Data listing –
========
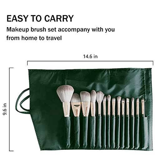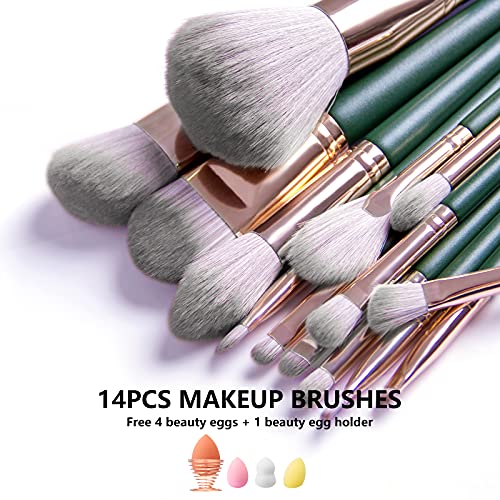 SDVJLKV 14PCS GREEN MAKEUP BRUSHES SET
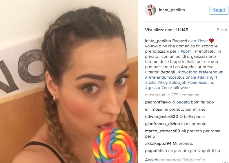 ROMA – Dopo aver terminato il suo “Pompa Tour”, Paola Saulino fa un bilancio dell’evento in giro per l’Italia nato come promessa di praticare sesso orale a tutti quelli che avessero votato No allo scorso referendum. L’attrice napoletana, che vive a Roma, ha così cominciato a girare l’Italia per soddisfare chiunque si fosse presentato. Mesi e mesi di tour, adesso finiti, ma secondo la Saulino, si sarebbe potuto fare di più. In un’intervista al Daily Star, l’attrice spiega infatti: “Ho fatto circa 700 pomp… in tutto ma si poteva fare molto di più se ci fosse stata un’organizzazione più precisa”.
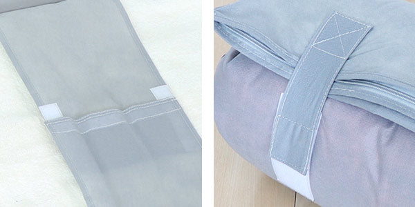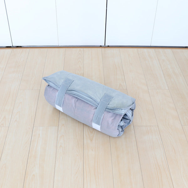 布団をベルトに挟み、ファスナーを閉めて丸めてベルトをとめます。クローゼット内の狭い空間でも収納可能です。
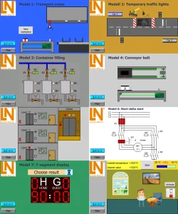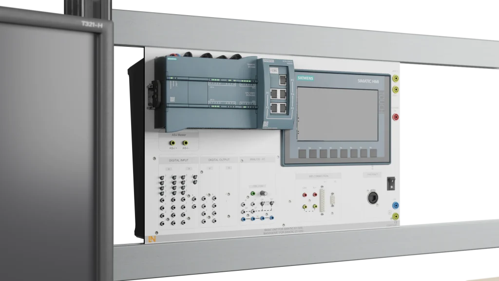 Lehren Sie die SPS-Programmierung praxisnah mit acht virtuellen Anlagenmodellen auf einem Siemens-HMI-Touchpanel. Eine reale Siemens-S7-1200-SPS steuert diese für vielfältige Aufgaben.
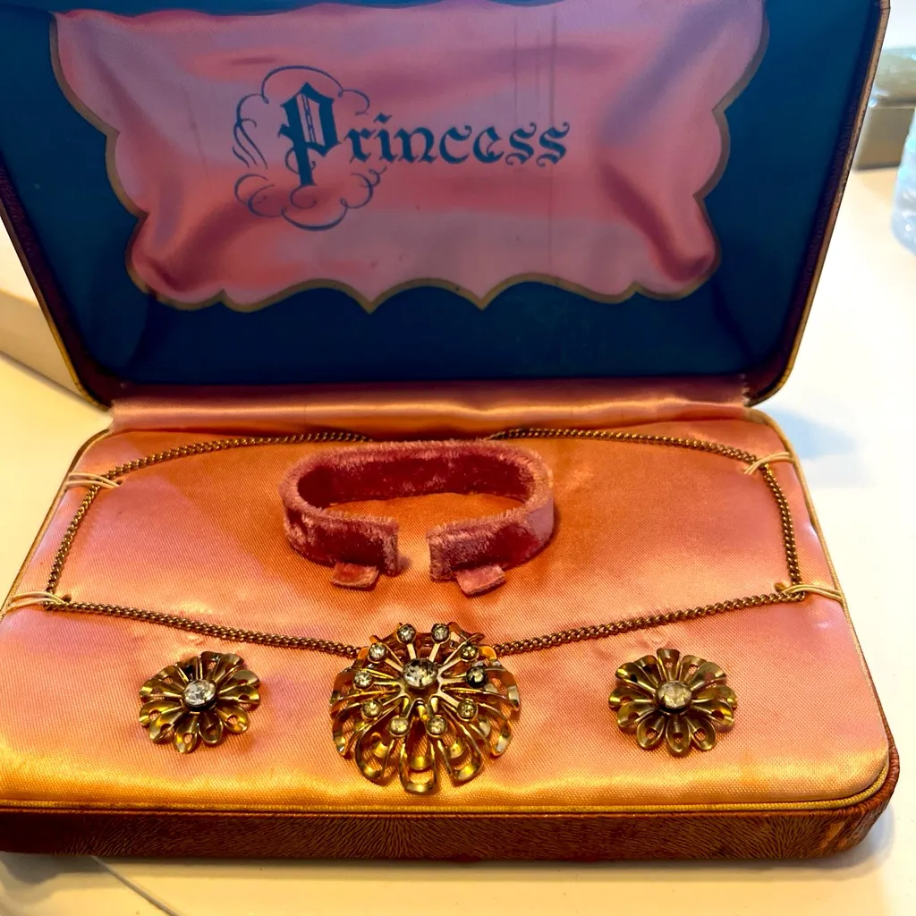 Elegant vintage jewelry set featuring a gold necklace 16 -18” that can also be worn as a pinned brooch and earrings adorned with rhinestones. Earrings are screw on back not pierced. Comes in a stylish case. Preowned
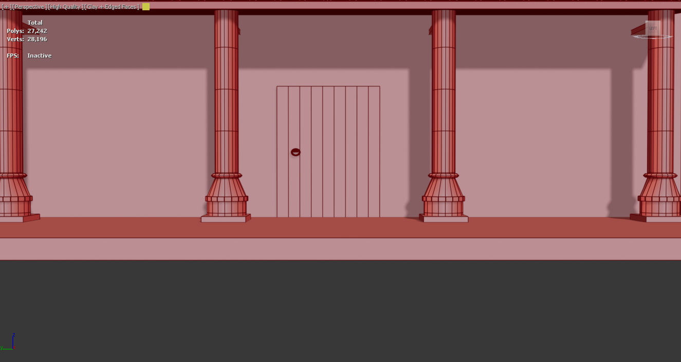 The pillars acted to support the lower roof; this was a design that could have been completed using Roman pillars or basic cubed boxes. Although the reference image showed simpler support beams, I decided to create a more authentic asset that reflected the Roman era. The door proved to be slightly harder to do due to the angle of the reference image, which meant I could not see details like the handle as easily. To fix this, I added a torus shape to act as the handle, which felt more appropriate for an ancient/medieval rather than a modern structure.
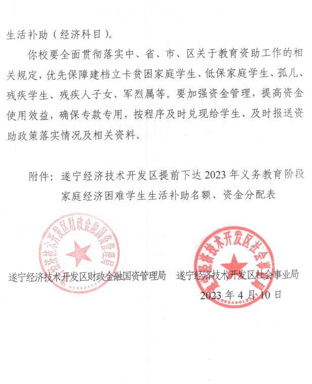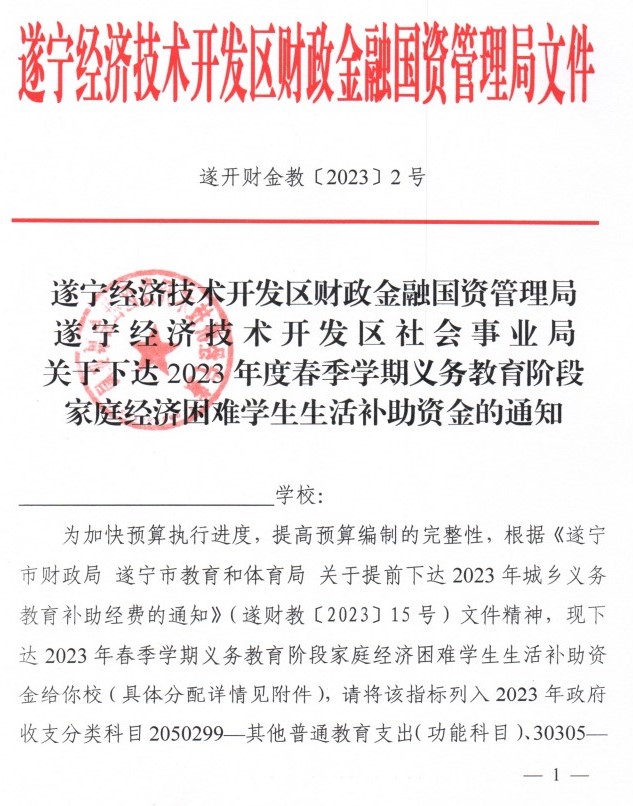 關(guān)于下達(dá)2023年度春季學(xué)期義務(wù)教育階段家庭經(jīng)濟(jì)困難學(xué)生生活補(bǔ)助資金的通知
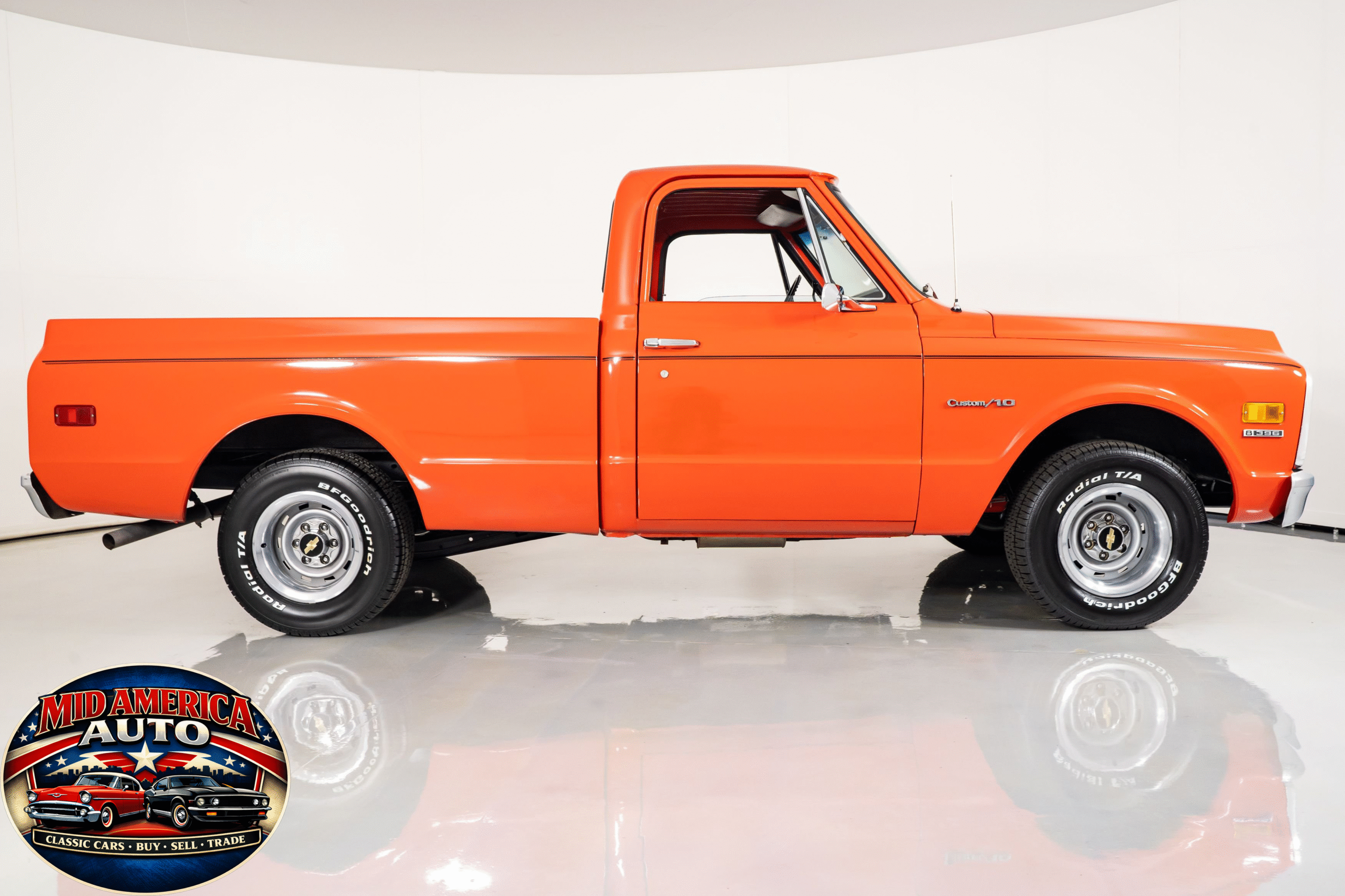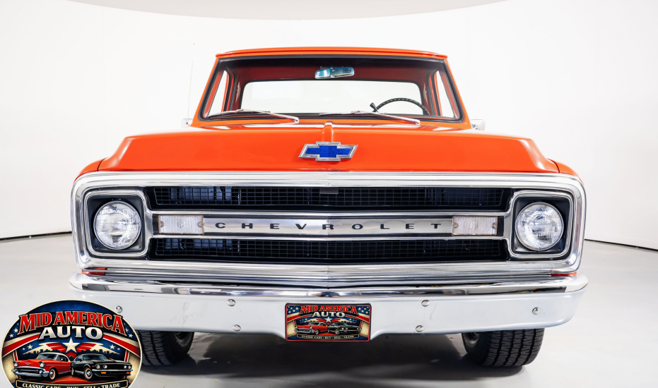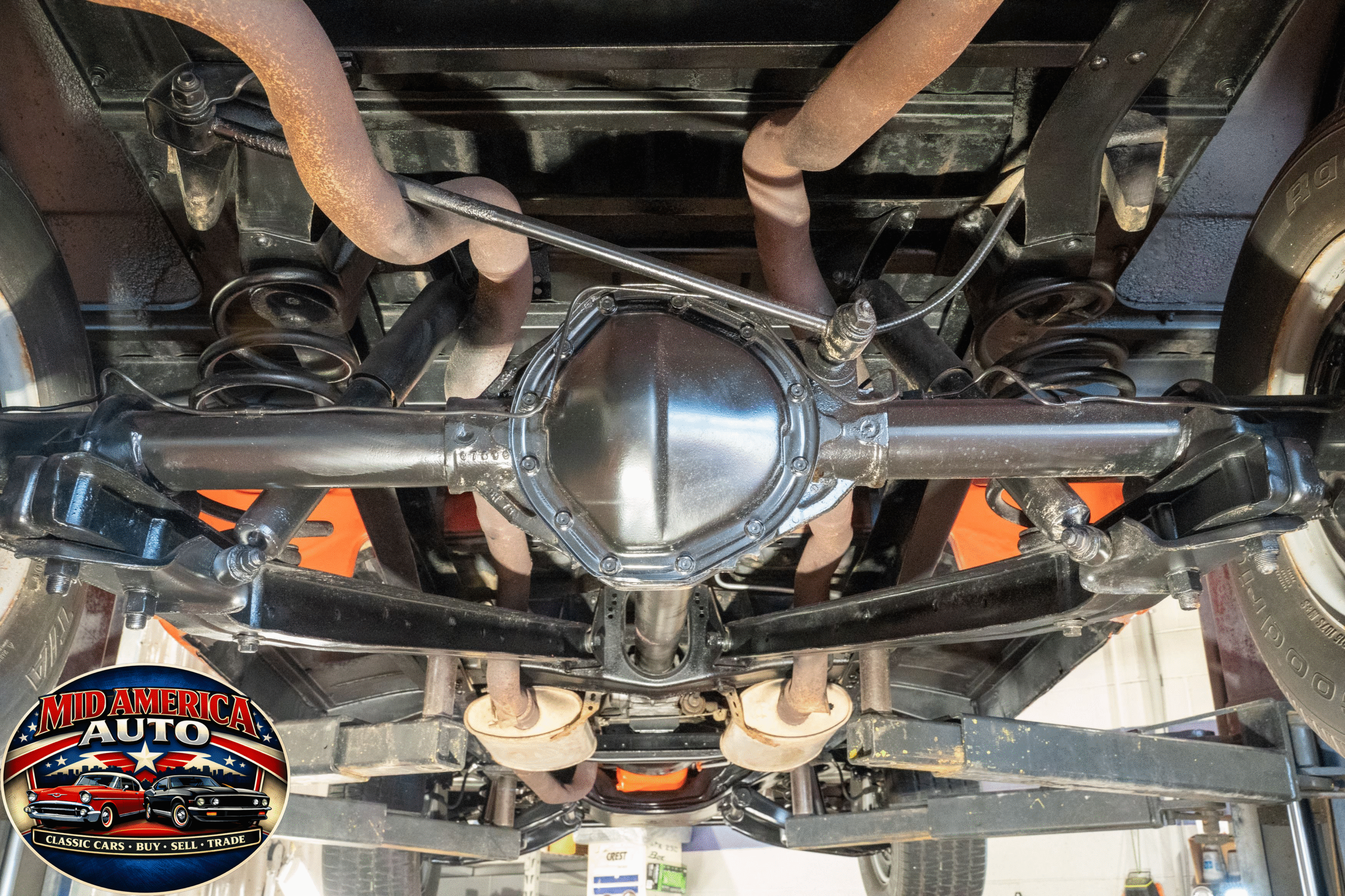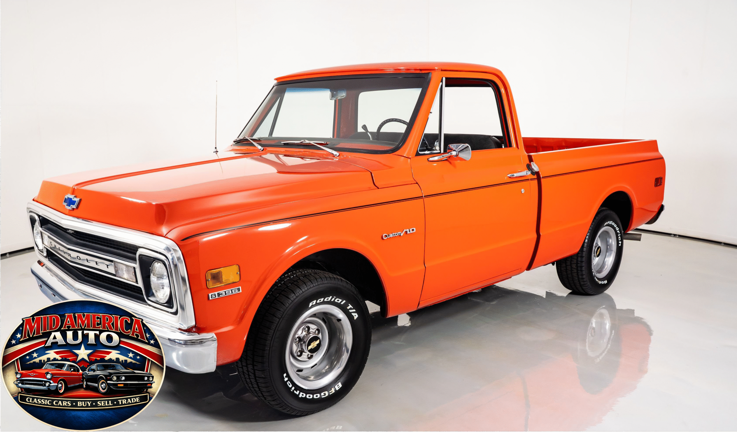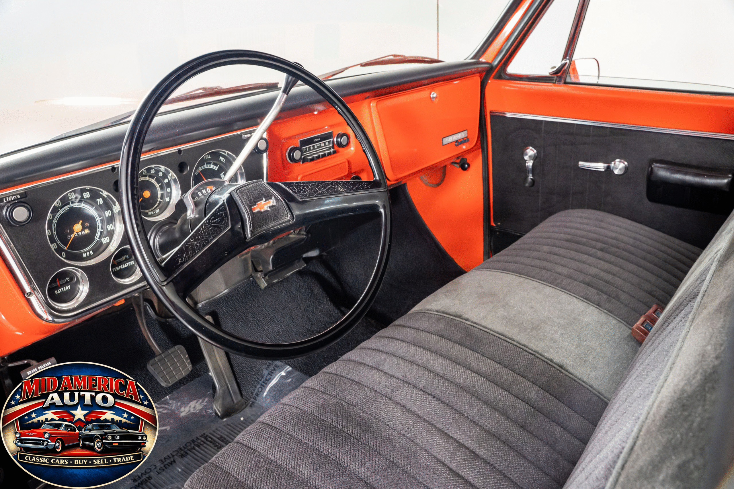 Classic short-bed pickup with a big-block V8 and automatic transmission. Finished in vibrant orange with a black bench seat interior. Features power steering and brakes, upgraded wheels and tires, and a fresh interior. A beautifully restored truck with strong presence and performance.
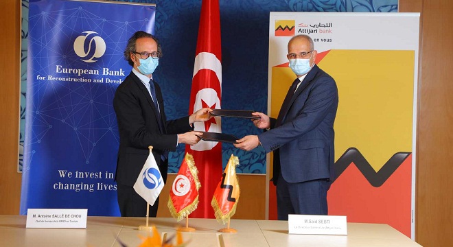 Ces accords, signés par M. Antoine Sallé de Chou, Chef du bureau de la BERD en Tunisie et M. Saïd Sebti, Directeur Général d’Attijari bank Tunisie, visent à faciliter l’accès au financement aux petites et moyennes entreprises tunisiennes.
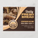 Letar du efter ett sätt att marknadsföra ditt bageris utsökta bröd? Denna iögonfallande postkortsmall är svaret! Den varma designen med bilder på nybakat bröd får omedelbart saliven att rinna och lockar in kunder. Anpassa med lätthet – lägg till ditt bageris varumärke, kontaktinformation och en frestande lista över dina brödsorter. Perfekt för att framhäva dagliga specialerbjudanden, nya kreationer eller ditt engagemang för kvalitetsingredienser! Börja redigera nu och låt framgångens doft fylla ditt bageri.
========
Brief – The whole listing is to be duplicated verbatim, apart from its images.

Worked solution –
 SDVJLKV 14PCS GREEN MAKEUP BRUSHES SET
 ROMA – Dopo aver terminato il suo “Pompa Tour”, Paola Saulino fa un bilancio dell’evento in giro per l’Italia nato come promessa di praticare sesso orale a tutti quelli che avessero votato No allo scorso referendum. L’attrice napoletana, che vive a Roma, ha così cominciato a girare l’Italia per soddisfare chiunque si fosse presentato. Mesi e mesi di tour, adesso finiti, ma secondo la Saulino, si sarebbe potuto fare di più. In un’intervista al Daily Star, l’attrice spiega infatti: “Ho fatto circa 700 pomp… in tutto ma si poteva fare molto di più se ci fosse stata un’organizzazione più precisa”.
 布団をベルトに挟み、ファスナーを閉めて丸めてベルトをとめます。クローゼット内の狭い空間でも収納可能です。
 Lehren Sie die SPS-Programmierung praxisnah mit acht virtuellen Anlagenmodellen auf einem Siemens-HMI-Touchpanel. Eine reale Siemens-S7-1200-SPS steuert diese für vielfältige Aufgaben.
 Elegant vintage jewelry set featuring a gold necklace 16 -18” that can also be worn as a pinned brooch and earrings adorned with rhinestones. Earrings are screw on back not pierced. Comes in a stylish case. Preowned
 The pillars acted to support the lower roof; this was a design that could have been completed using Roman pillars or basic cubed boxes. Although the reference image showed simpler support beams, I decided to create a more authentic asset that reflected the Roman era. The door proved to be slightly harder to do due to the angle of the reference image, which meant I could not see details like the handle as easily. To fix this, I added a torus shape to act as the handle, which felt more appropriate for an ancient/medieval rather than a modern structure.
 關(guān)于下達(dá)2023年度春季學(xué)期義務(wù)教育階段家庭經(jīng)濟(jì)困難學(xué)生生活補(bǔ)助資金的通知
 Classic short-bed pickup with a big-block V8 and automatic transmission. Finished in vibrant orange with a black bench seat interior. Features power steering and brakes, upgraded wheels and tires, and a fresh interior. A beautifully restored truck with strong presence and performance.
 Ces accords, signés par M. Antoine Sallé de Chou, Chef du bureau de la BERD en Tunisie et M. Saïd Sebti, Directeur Général d’Attijari bank Tunisie, visent à faciliter l’accès au financement aux petites et moyennes entreprises tunisiennes.
 Letar du efter ett sätt att marknadsföra ditt bageris utsökta bröd? Denna iögonfallande postkortsmall är svaret! Den varma designen med bilder på nybakat bröd får omedelbart saliven att rinna och lockar in kunder. Anpassa med lätthet – lägg till ditt bageris varumärke, kontaktinformation och en frestande lista över dina brödsorter. Perfekt för att framhäva dagliga specialerbjudanden, nya kreationer eller ditt engagemang för kvalitetsingredienser! Börja redigera nu och låt framgångens doft fylla ditt bageri.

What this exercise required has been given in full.